It’s a seemingly insignificant choice: crack a beer or roll a joint?
This decision might not matter much to you, but for breweries and dispensaries around the nation, your choice is crucial. If you reach for the rolling papers instead of the Coors, your selection signifies much more than one overworked individual choosing weed to unwind. It represents the American masses. It translates into billions of dollars. It could make or break countless bud or booze businesses.
Your choice is a simple economic calculation. You want to take your mind off of everyday worries, enjoy a mind-altering substance with some close friends, or get totally wrecked at a concert, a bar, or some stranger’s house party where sobriety is simply not an option. Both cannabis and beer can do the job. But when you substitute one over the other, the market becomes a zero-sum game — every dispensary’s profit becomes a brewery’s loss, and every bong rip puts the beer industry’s green up in smoke.
At least, this is the sincere fear unfolding among Big Beer’s employees and investors, who suspect marijuana legalization could cripple their enterprise’s prosperity. What’s worse, a number of studies reinforce these concerns. According to a new report by the Cannabiz Consumer Group, the beer industry could lose more than $2 billion in retail sales due to legal marijuana. The report estimates that 27 percent of beer drinkers have already substituted cannabis for beer or would make that switch if marijuana was legal in their state.
The booze producers suffering the hardest hits are domestic brewers like Anheuser Busch (Budweiser, Busch, Natural Light) and MillerCoors (Coors, Keystone, Miller Lite). Sales of these companies’ premium brews, like Coors Light and Bud Light, dipped by 4.4 percent this past year. Although this slump in sales might sound meager, it equates to nearly $135 million in American revenue lost.
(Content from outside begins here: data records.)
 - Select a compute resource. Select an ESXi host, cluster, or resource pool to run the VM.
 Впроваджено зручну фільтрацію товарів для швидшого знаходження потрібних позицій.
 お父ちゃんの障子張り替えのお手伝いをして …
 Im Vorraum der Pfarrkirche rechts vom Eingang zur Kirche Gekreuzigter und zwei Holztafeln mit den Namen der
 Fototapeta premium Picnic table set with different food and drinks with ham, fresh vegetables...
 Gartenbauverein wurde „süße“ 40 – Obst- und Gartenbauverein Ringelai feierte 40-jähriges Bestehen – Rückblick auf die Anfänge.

It seems intuitive that legal cannabis could damage Big Beer conglomerates more than microbreweries. For the most part, consumers of cheap beers like Natty Light or Keystone aren’t drinking this watered-down alternative out of sheer pleasure — they’re doing it to get fucked up. If cannabis can achieve a comparable altered state of mind without the belching and bloating, it’s no wonder that they’d choose bud over Bud Light.
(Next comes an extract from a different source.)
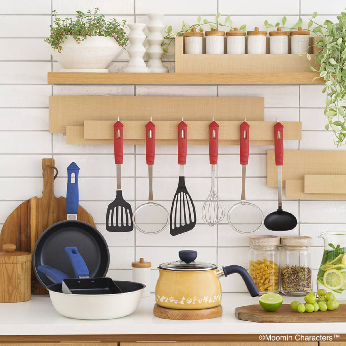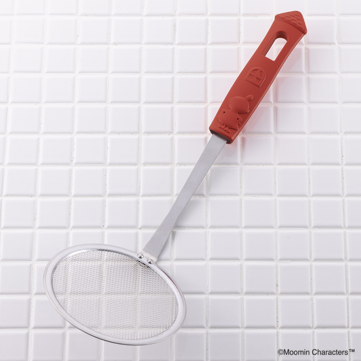 ムーミンハウスの窓に見立てたフック穴で吊り下げ収納ができます。こっくりとした赤いハンドルは、ナチュラルな雰囲気とも相性がよく、キッチンを明るく彩ります。

Craft brews, on the other hand, aren’t necessarily consumed for the purpose of getting plastered. They’re generally more flavorful and rich in body, and consequently difficult to chug. Enjoying a craft beer is a slow and leisurely process that is commonly concerned more with taste than intoxication. Cannabis, therefore, is often not a credible alternative for craft beer.
Craft beer could also play a part in the reduction of domestic beer sales. However, specifically in states with abundant dispenasaries, microbrews apparently share the blame with marijuana. While the craft beer industry as a whole is growing, microbrew sales are actually dragging behind in states with legal recreational cannabis.
Research firm Cowen and Company analyzed the beer industry in states with well-established weed retail infrastructure (ie. dispensaries for days) such as Colorado, Oregon, and Washington. Its study found that in those states, beer markets have "collectively underperformed" over the last two years, trailing behind beer sales around the country.
The Cowen and Co. study claimed that craft breweries in cannabis states aren't performing as well as their counterparts around the nation. Denver, in particular, has reportedly seen the most prominent drop, with total beer volumes plummeting by 6.4 percent.
Of course, the seemingly counteractive relationship between bud and booze can achieve an equilibrium. As many of us have already discovered, weed and beer can pair well together. Plenty of people choose to combine both commodities, reserving each for a separate occasion or self-indulging with a buzz and a high at the same damn time. These hedonists are subsidizing each industry with their debaucherous habits, supporting our favorite vices and offering the simplest solution to this beer/bud give-and-take.
It’s true that as legal marijuana sweeps the states, the thrilling originality of a new intoxicant might steal some attention from our beloved brews, but the buzz won’t last forever. Once the novelty wears away, young Americans will come crawling back to beer, begging for forgiveness. The budding relationship might have hit a rough patch, but in time, we believe cannabis and beer will live together in happy harmony.